Leurs missions seront donc “clarifiées” a garanti Marisol Touraine, bien qu’il n’ait jamais été dans son intention de “renforcer le pouvoir des ARS au détriment des professionnels libéraux”, a-t-elle insisté. “Les articles seront réécrits et la place des soins primaires et du médecin traitant, avec la définition de leurs missions respectives, ainsi que leurs liens avec la médecine spécialisée seront confortés. Ils feront l’objet d’un chapitre à part entière de la loi” a précisé Marisol Touraine.

Ainsi, les parcours des patients seront organisés “par les professionnels eux-mêmes” avec des plateformes territoriales d’appui, outil créés par la loi “à leur main”.

Autre sujet qui fâche, notamment les cliniques privées : la rénovation du service public hospitalier.

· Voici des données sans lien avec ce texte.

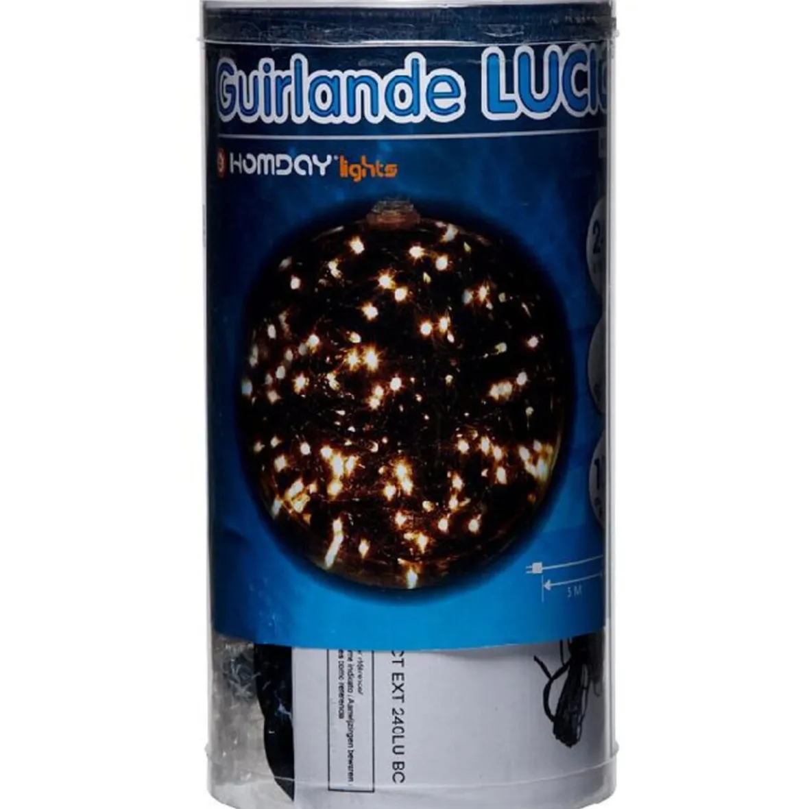 L. 14,56 m, 240 lucioles, 10 m d’éclairage, 8 jeux de lumières, 230 V, 50 Hz, fonctionne sur secteur.Tous les objets de décoration sont chez GIFI..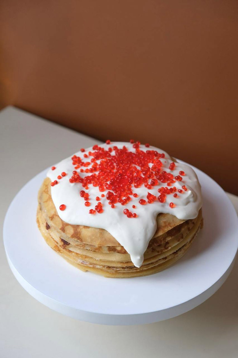 Блинный торт от шеф-кондитера Павла Ивановского привозят в Coffee Buro из кондитерской Cake Me, где блины пекутся из микса классической и миндальной муки. Под видом красной икры — желе из сахарного сиропа.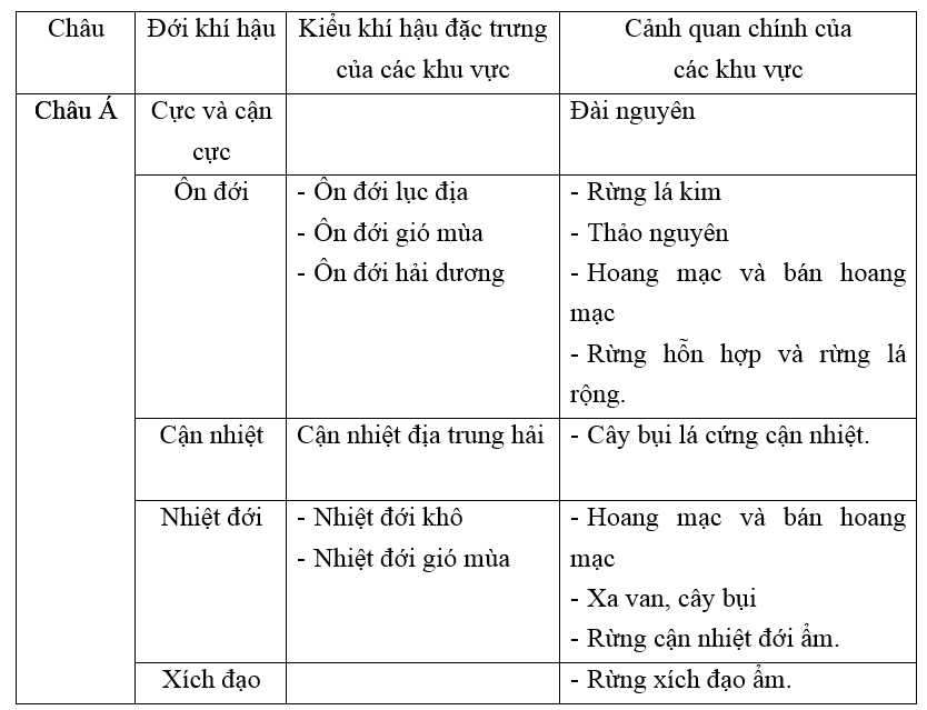 Bài 2 trang 73 Địa Lí 8: Dựa vào hình 20.1 và kiến thức đã học, điền vào bảng theo mẫu dưới đây một số đặc điểm tiêu biểu của khí hậu, cảnh quan tự nhiên của châu Á.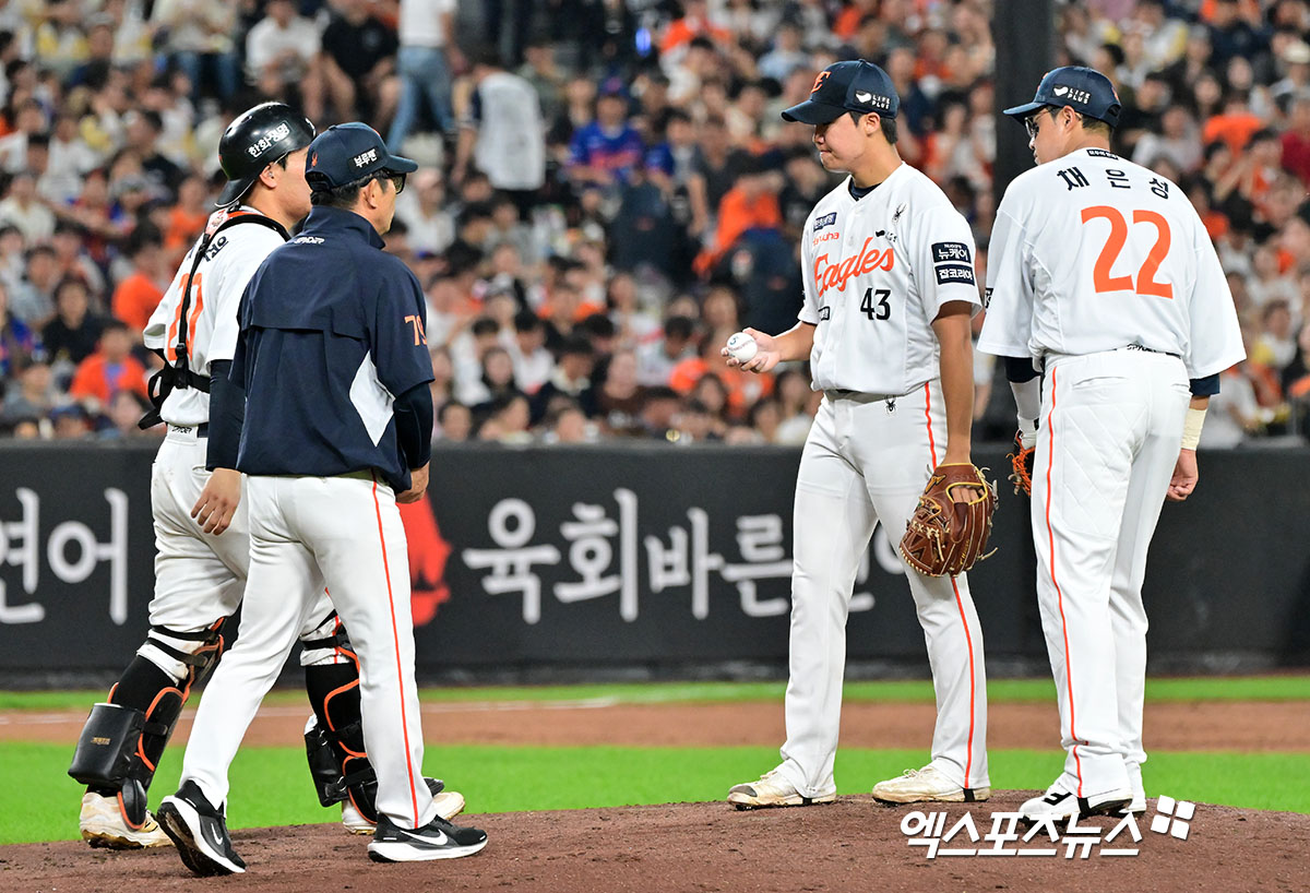 (엑스포츠뉴스 대전, 김한준 기자) 15일 오후 대전 한화생명 볼파크에서 열린 '2025 신한 SOL Bank KBO리그' 키움 히어로즈와 한화 이글스의 경기, 3회초 1사 1,3루 한화 정우주가 마운드를 내려가고 있다.

La loi va réaffirmer la spécificité du service public hospitalier, a souligné la ministre en citant, la non discrimination des soins, les soins à toutes les pathologies, la permanence de soins et l’absence de dépassements d’honoraires (hormis le secteur privé, qui représente environ 2 % de la masse des honoraires).

“Rappeler les spécificités du public, ce n’est pas nier l’existence du privé”, a fait valoir Marisol Touraine en rappelant que notre système fonctionne sur un système public et un système privé. Autre engagement de la loi : il n’y aura aucune discrimination, pas de changement aux règles actuelles entre participants ou non au service public pour l’octroi d’autorisations d’activités de soins. Cette précision sera inscrite dans la loi. “La loi ne conduira à aucun changement dans la relation qui existe entre les cliniques et les médecins spécialistes qui y exercent”. On peut dès lors se demander quel sera l’intérêt d’établissement privé de se situer dans le secteur public…

 

“Je ne veut pas opposer les professionnels les uns contre les autres”

Les points de vue étant très divergents entre les directeurs d’établissements et les médecins qui exercent en cliniques privées, le gouvernement a laissé de côté l’idée un temps suivie d’interdire les dépassements d’honoraires uniquement pour les urgences. Car les médecins redoutaient de passer ainsi, sous la coupe de leurs directeurs, s’agissant du volume des dépassements. “Il n’y aura aucune dérogation. Pas de dépassements d’honoraires”, confirme-t-on dans l’entourage de la ministre.

Enfin, pour les sujets qui font débat, se range encore l’évolution des compétences médicales. Là encore, la ministre s’est voulue rassurante. “Certains professionnels de santé ne sont pas favorables au droit de vacciner accordé aux pharmaciens”, a convenu la ministre en insistant sur la priorité de conforter notre couverture vaccinale, pour des raisons de santé publique. A l’issue d’une mission confiée à Sandrine Hurel, une personne qualifiée, des expérimentations sur le droit de vaccination accordé aux pharmaciens seront donc lancées. “Je ne veut pas opposer les professionnels les uns contre les autres”, a-t-elle assuré. Aussi, la loi écrira-t-elle qu’une telle délégation ne pourra s’inscrire dans une équipe qu’à la condition que la coordination soit assurée par le médecin. “Le champ de la coordination, les décrets seront élaborés dans la concertation” a redit Marisol Touraine.

Concertation qui doit se poursuivre, a-t-elle précisé, sur le site dédié : www.loi-sante.gouv.fr.